Americans appear to be ditching cigarettes and switching to vape devices and tobacco-less nicotine pouches, such as Zyn. These products have completely rearranged the Big Tobacco market, especially between the two biggest players (who used to be partners), Altria and Phillip Morris International.
The two companies agreed in 2007 that PMI would “spin-off” from Altria and sell the former groups’ cigarette brands overseas. Altria would sell its smokes domestically. However, back then, smoke-free products were not nearly as much of a player in the market as much as today.
According to Carol Ryan of The Wall Street Journal, 40% of nicotine purchases sold in the U.S. were non-traditional products (smoke-free). Cigarettes used to be 80% of America’s market. They are now just 60%.

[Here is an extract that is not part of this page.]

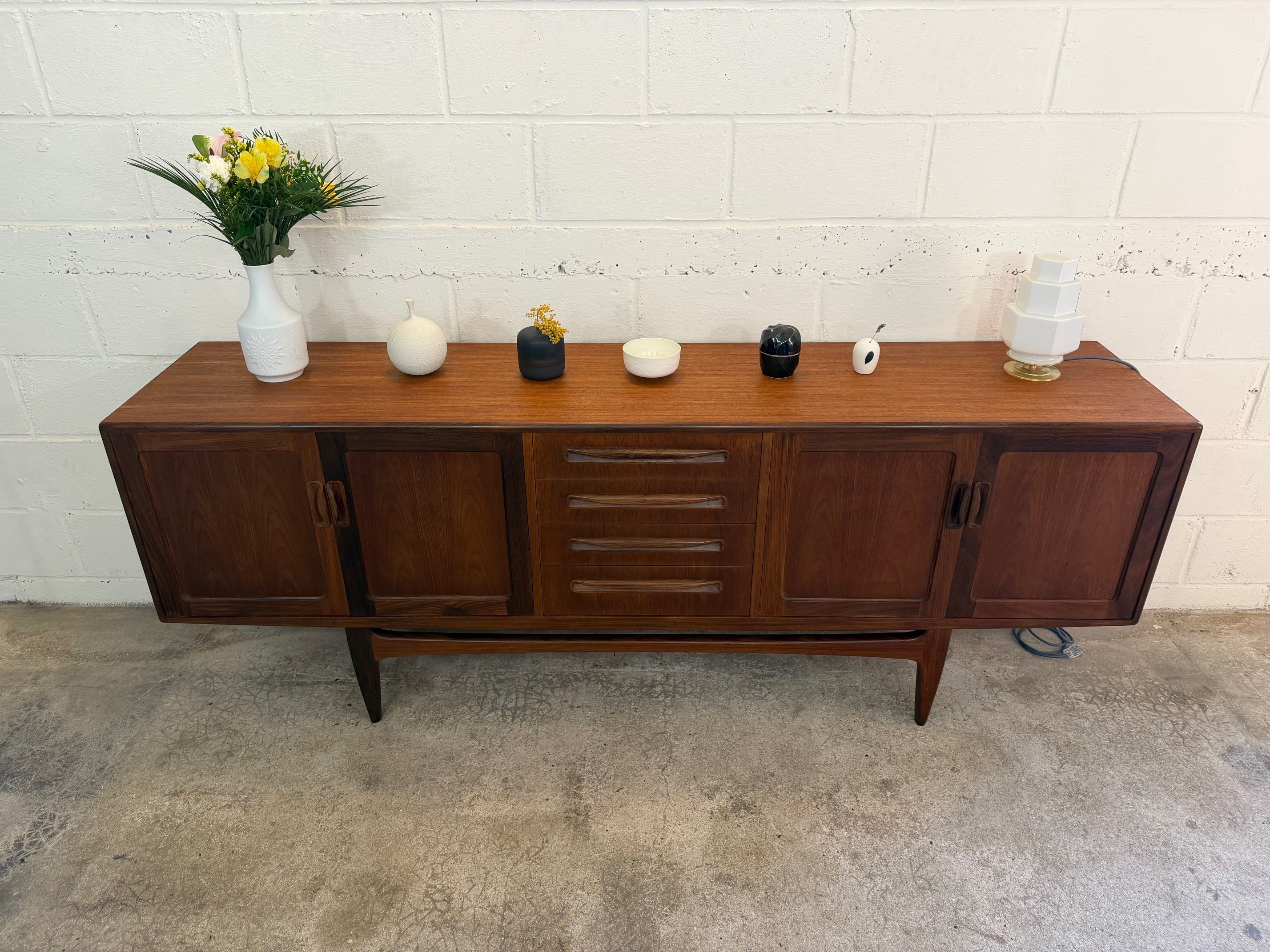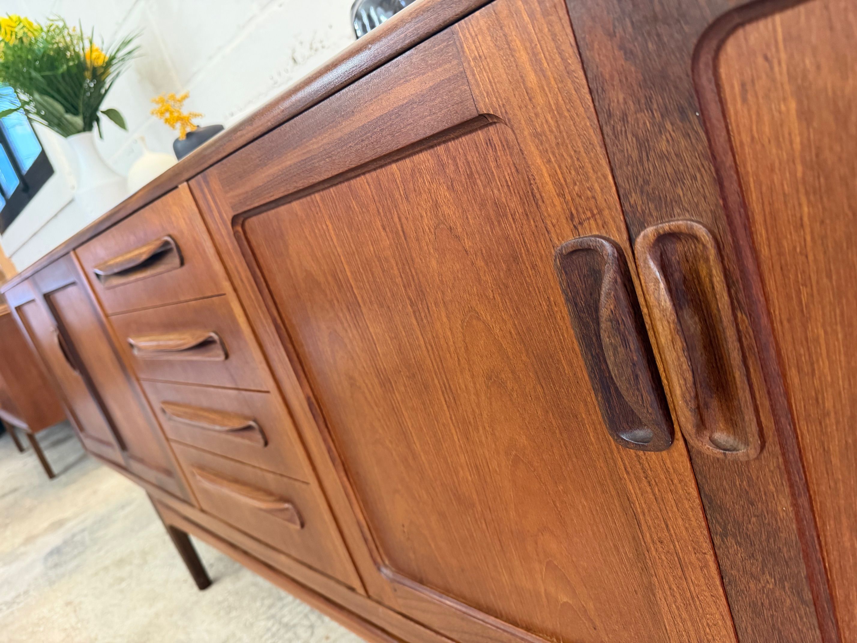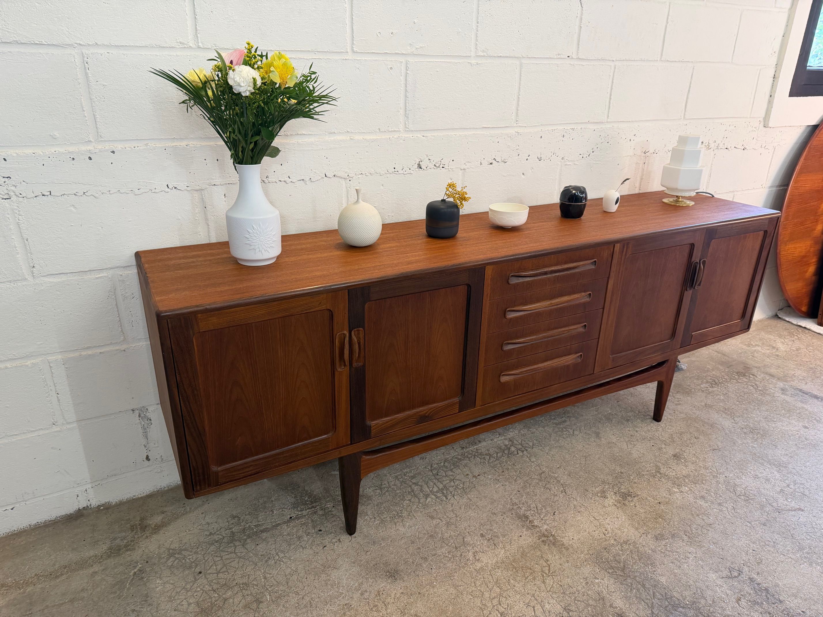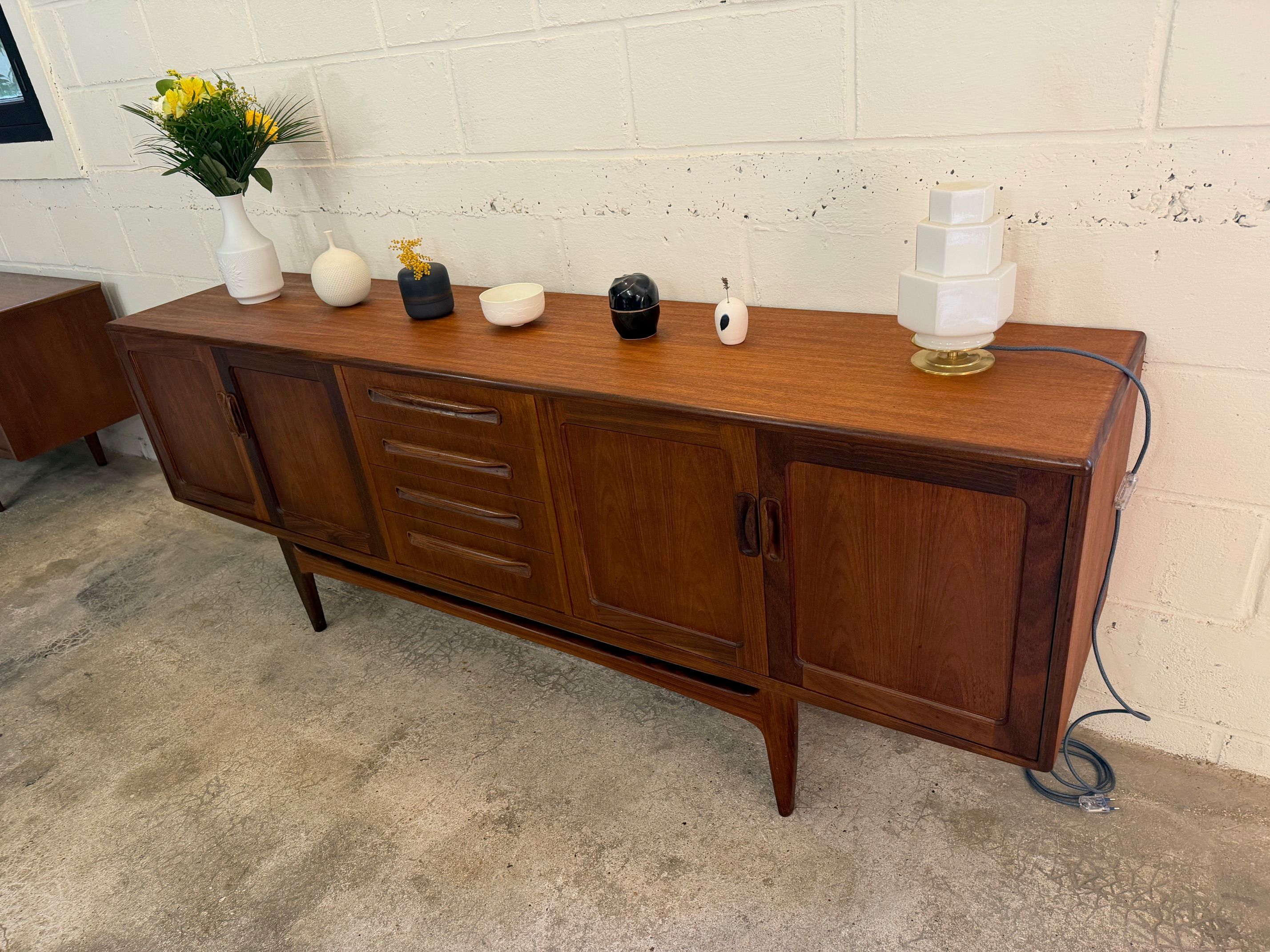 Une belle enfilade en teck, éditée par G-Plan au Royaume-Uni dans les années 60. Il s'agit du grand modèle Fresco par Victor Wilkins.

So why does this matter? What’s the big deal about nicotine changing course? It’s because lawmakers everywhere are looking to adapt to the changing times.

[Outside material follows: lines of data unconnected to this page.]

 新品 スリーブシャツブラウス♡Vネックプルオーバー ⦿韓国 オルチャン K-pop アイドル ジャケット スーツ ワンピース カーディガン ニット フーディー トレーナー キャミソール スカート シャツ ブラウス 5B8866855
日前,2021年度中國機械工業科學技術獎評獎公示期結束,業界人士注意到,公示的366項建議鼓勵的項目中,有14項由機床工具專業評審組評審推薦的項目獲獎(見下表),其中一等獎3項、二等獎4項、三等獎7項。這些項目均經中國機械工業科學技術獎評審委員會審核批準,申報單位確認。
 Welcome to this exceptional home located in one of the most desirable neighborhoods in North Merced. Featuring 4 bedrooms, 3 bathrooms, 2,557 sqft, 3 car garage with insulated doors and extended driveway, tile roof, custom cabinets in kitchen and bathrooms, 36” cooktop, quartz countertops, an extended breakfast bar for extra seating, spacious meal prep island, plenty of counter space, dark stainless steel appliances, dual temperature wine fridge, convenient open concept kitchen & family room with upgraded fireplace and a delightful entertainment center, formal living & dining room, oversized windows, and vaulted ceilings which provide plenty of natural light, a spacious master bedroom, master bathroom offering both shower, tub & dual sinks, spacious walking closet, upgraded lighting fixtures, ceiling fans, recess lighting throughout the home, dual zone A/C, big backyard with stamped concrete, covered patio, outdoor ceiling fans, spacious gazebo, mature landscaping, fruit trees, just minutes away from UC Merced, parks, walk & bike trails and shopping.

If there is some general feeling that non-traditional nicotine delivery systems are healthier for the human body, then lawmakers will look to capitalize. And they have.
In Florida, Governor Ron DeSantis (R-FL) intervened with the state legislature resulting in HB 1007 – Nicotine Products and Dispensing Devices – passing both chambers significantly different than the legislation’s original language, but it could be argued that the end goal was still reached: keeping vapes out of the hands of children.
Initially, the bill was set to ban vape devices that were not approved by the Food and Drug Administration (FDA). Only 23 products – all owned by Big Tobacco – were deemed legal by the bill. This would’ve severely affected small business vape shops as they wouldn’t be able to compete with the corporate conglomerates.
In Alabama, state lawmakers are pushing for heated tobacco products (which are different than nicotine-juice vapes as heated tobacco products use processed tobacco leaves). These products do not require combustion like cigarettes do.
According to Alabama Political Reporter’s Bill Britt, House Bill 438 and Senate Bill 96 are geared toward a “restructured tax framework specifically for heated tobacco products.”
With all of this in mind, it appears that Big Tobacco will find a way to move on from cigarettes as its main source of income should the data continue to trend in the direction it is going.
A New World that was built from scratch by the cash crop that is tobacco, in the harsh conditions of Jamestown, could soon be dominated by pure nicotine pouches and blueberry-flavored vape devices.